FIG. 1 is a diagram illustrating a configuration of an image forming apparatus according to an embodiment of the present invention. FIG. 2 is a perspective view of the light source unit of the image forming apparatus according to the embodiment of the present invention. FIG. 3 is a plan view of the light source unit of the image forming apparatus according to the embodiment of the present invention. 4 is a cross-sectional view taken along the line IV-IV in FIG. FIG. 5 is a conceptual diagram schematically showing a path of laser light in the optical scanning device according to the embodiment of the present invention. FIG. 6 is a conceptual diagram schematically showing a laser beam path in the optical scanning device according to the embodiment of the present invention. FIG. 7 is a conceptual diagram schematically showing the path of laser light in the optical scanning device according to the comparative example. FIG. 8 is a conceptual diagram schematically showing a path of laser light in the optical scanning device according to the comparative example.

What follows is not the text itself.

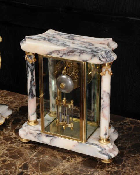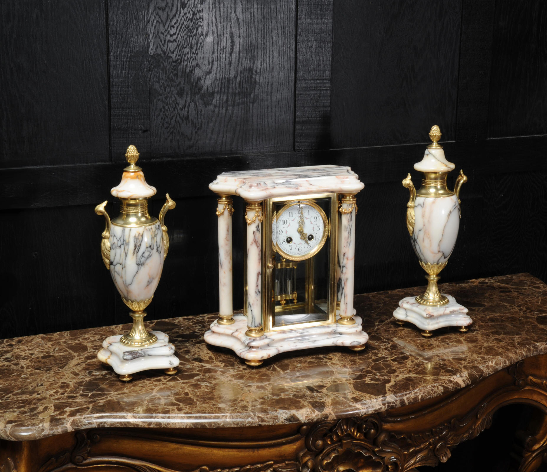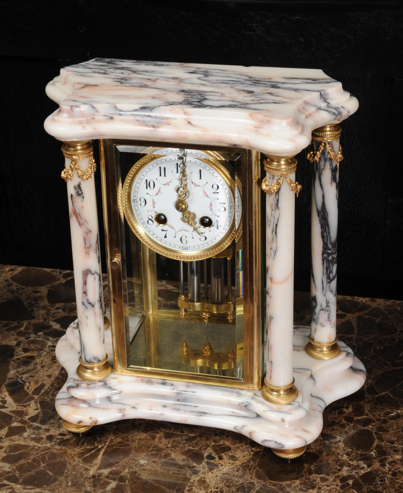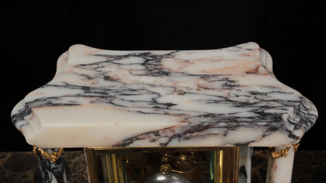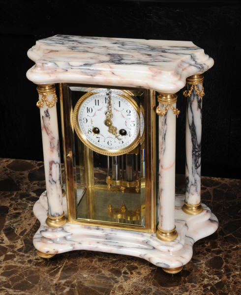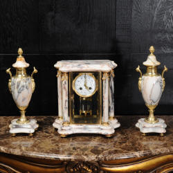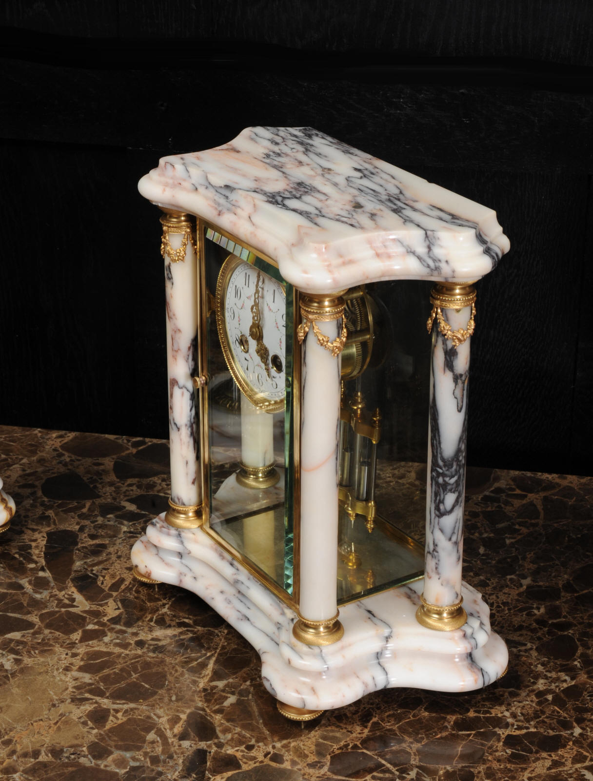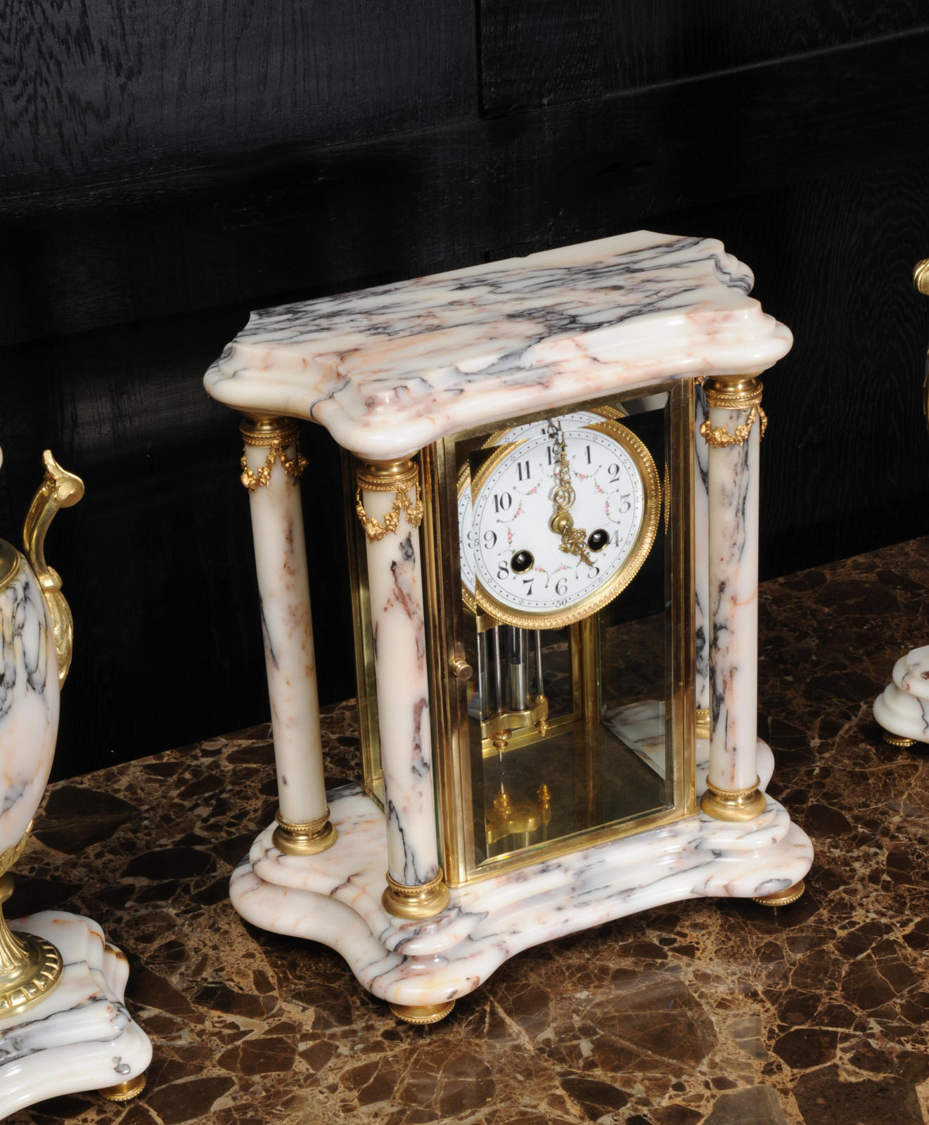 The dial is porcelain enamel on copper with finely fretted gilt hands and delicate floral swags between the numbers. The French movement is of high quality and is by Japy Freres. It is in excellent clean and running condition. Pendulum is original, we have replaced the mercury with silver steel for safety. It runs for 8 days and strikes the hours and halves on a bell. Click the video clip below to hear the bell and watch the clock running! Condition of the case is excellent, Marble has a good polish, a few minor nibbles to the edges and two filled holes in the top. The original gilding is beautifully clean and bright with hardly any wear or discolouration. The dial is also in excellent condition with no damage. The glass has a slight chip to the side panels.
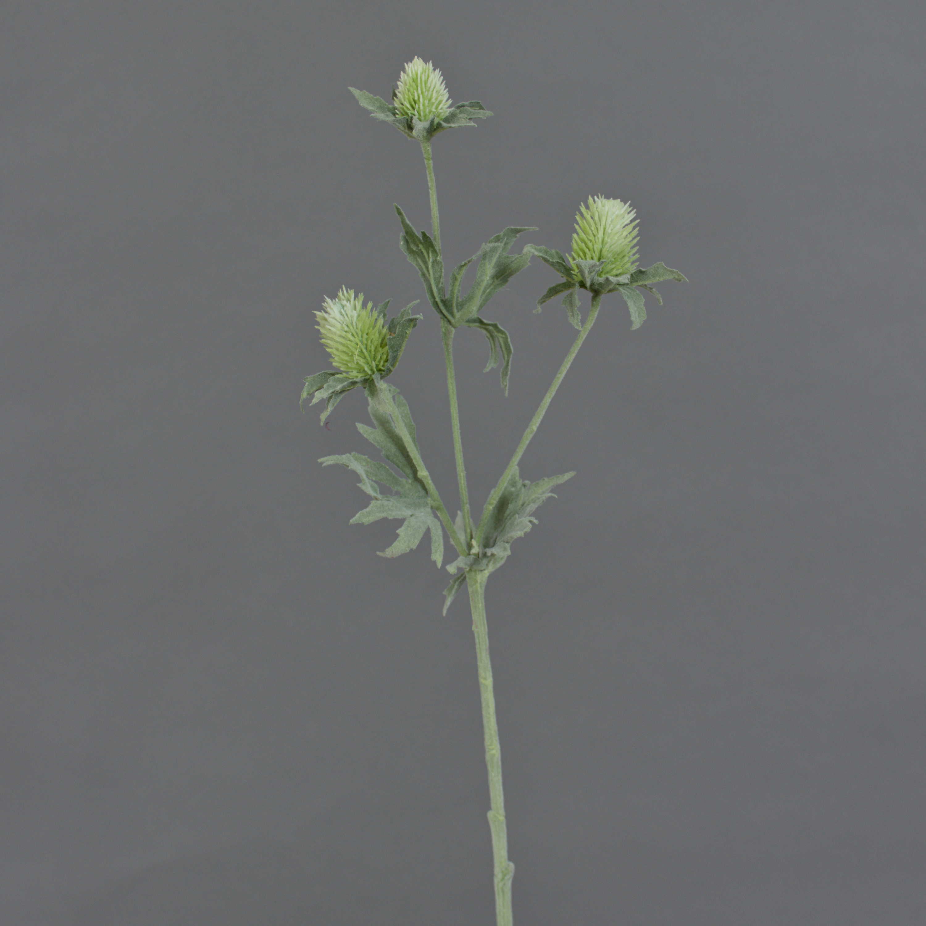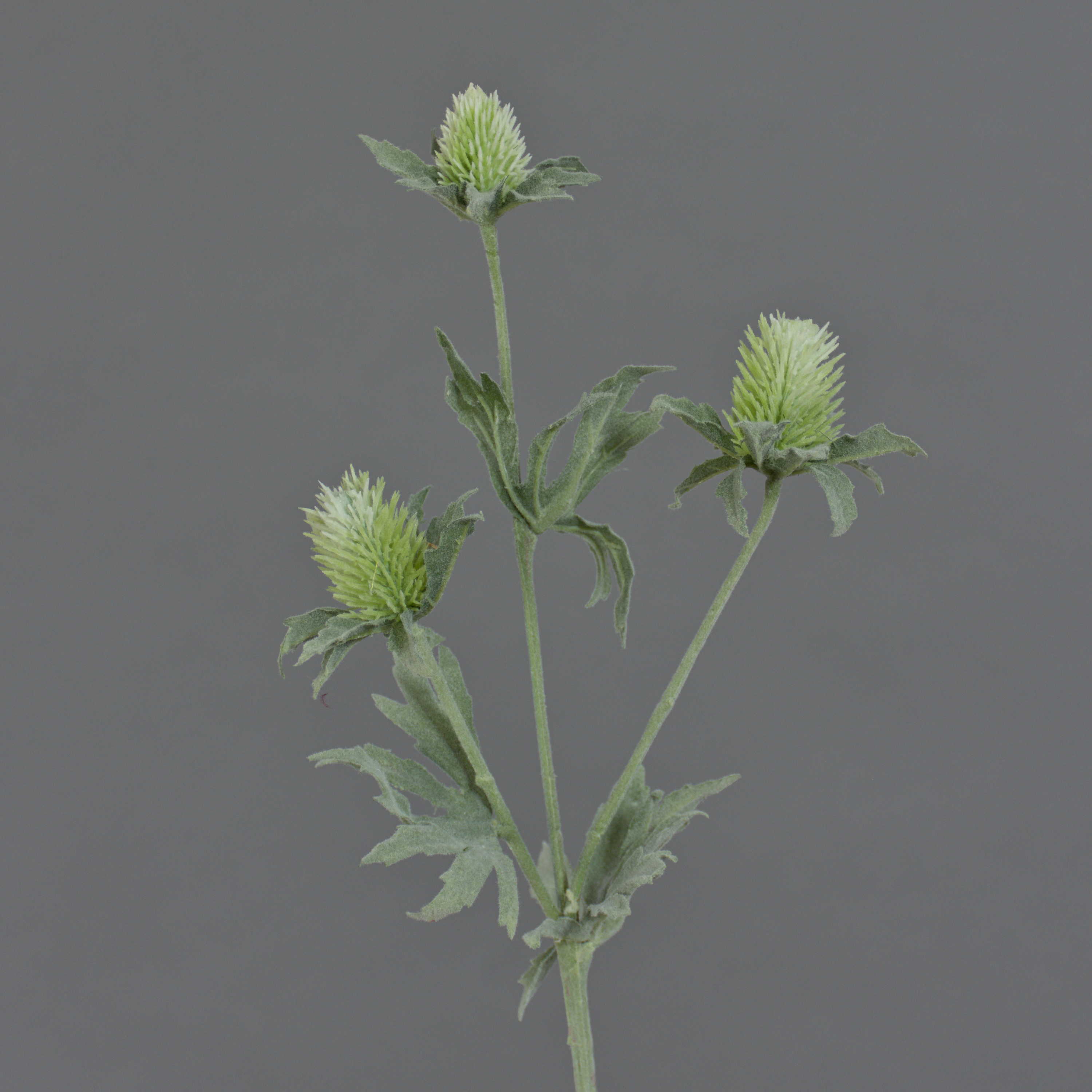Artificial spray SVEA is adorned with 3 thistles in colour green. The artificial eryngo, also known as flat sea holly (Eryngium planum) measures approx. 16"/40 cm in length and is characterised by leaves in true-to-detail look.

  Hereinafter, embodiments of the present invention will be described with reference to the accompanying drawings. In addition, the following embodiment is an example which actualized this invention, Comprising: It does not have the character which limits the technical scope of this invention. Moreover, it may be described by using the up / down / left / right or front / rear directions defined in the attached drawings.

  First, a schematic configuration of the image forming apparatus 10 according to the embodiment of the present invention will be described.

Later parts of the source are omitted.